■ Record excerpts
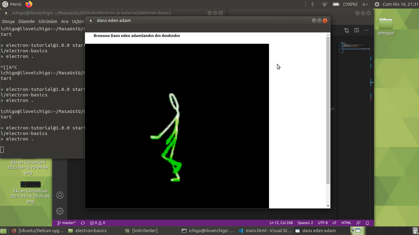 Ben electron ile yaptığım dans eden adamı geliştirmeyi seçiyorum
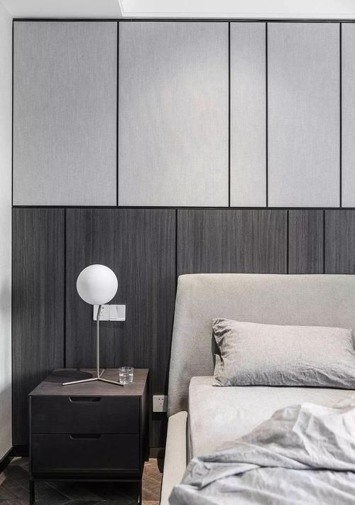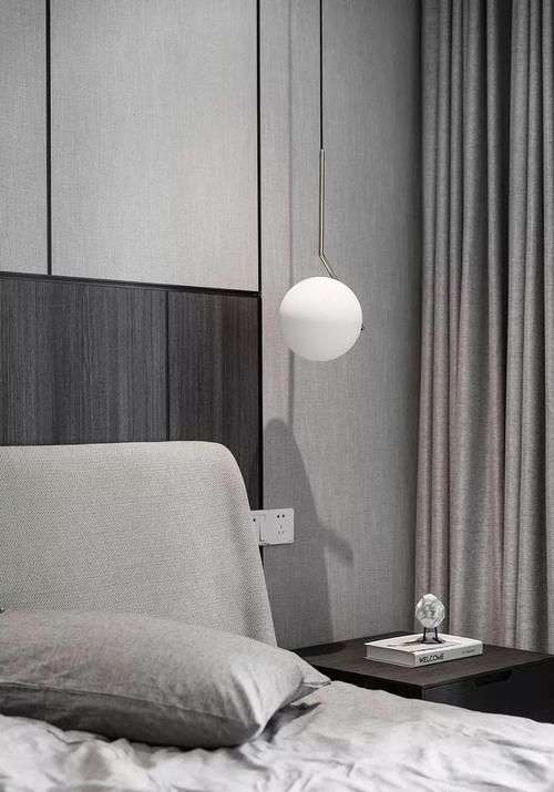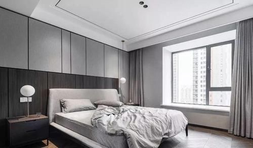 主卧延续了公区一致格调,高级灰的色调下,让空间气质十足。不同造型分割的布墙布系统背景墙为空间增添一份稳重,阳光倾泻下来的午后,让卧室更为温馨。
* * *
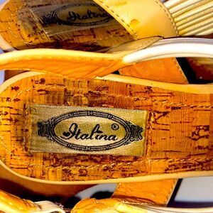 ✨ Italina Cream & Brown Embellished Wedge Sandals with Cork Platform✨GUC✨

■ Exercise instructions
Extract from the material above the stretch running from the line containing "Ben electron ile" through the line containing "主卧延续了公区一致格调,高级". Keep the text exact and the pictures out.

■ Written response
 Ben electron ile yaptığım dans eden adamı geliştirmeyi seçiyorum
 主卧延续了公区一致格调,高级灰的色调下,让空间气质十足。不同造型分割的布墙布系统背景墙为空间增添一份稳重,阳光倾泻下来的午后,让卧室更为温馨。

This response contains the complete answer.